# Fish photo request



## fish_doc (Jan 31, 2005)

I received a email this week about my photography. It went like this. - 

The Australian Invasive Animals CRC is developing a Pest Fish phone app for the Australian public. This app is a free educational tool that provides information to the public on what fish species are considered invasive or a potential risk of becoming feral in Australian waterways.

I have been contacting photographers on Flickr asking permission to use their wonderful fish photo for the purpose of fish ID on this app – to which most are only too happy to be involved.

Given I have very little knowledge of the appearance of cichlid species; I was wondering if you could provide some assistance. I see that there are many photos of cichlids on Flickr but most of them are not coupled with their scientific name. 
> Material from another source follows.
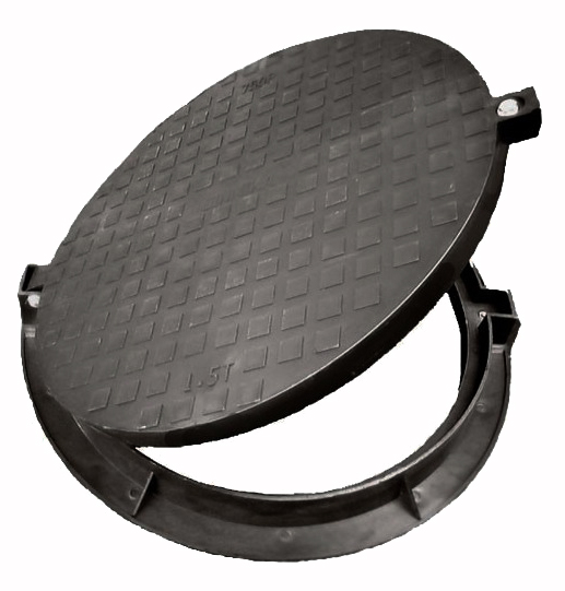Kanalizacijos dangtis. Pagamintas iš plastiko, apvalus.

Do you personally have photos that could be used in this project for the following species or do you know of any that I could use or potentially ask permission for?

Black mangrove cichlid - Tilapia mariae
Redbelly tilapia- Tilapia zillii
Blue acara - Andinoacara pulcher
Three spot cichlid - Cichlasoma trimaculatum
Victoria Burtons Haplochromis - Haplochromis burtoni

Your full name will appear clearly, straight under the photo/s you supply, as recognition of your contribution.

Any assistance would be greatly appreciated.

Kind regards, 
Bec Crawford

Unfortunately I dont have photos of any of the fish they are looking for.  If any of you have good quality photos of your own let me know and maybe I can make a love connection for you.


----------



## fish_doc (Jan 31, 2005)

Oh yea, I currently have a fish photos being used by the London Aquarium advertising their aquarium and Cornell University in one of their books "second edition of our textbook, Principles of Animal Communication" All given for free, for use to advance the education of the aquatic world.


----------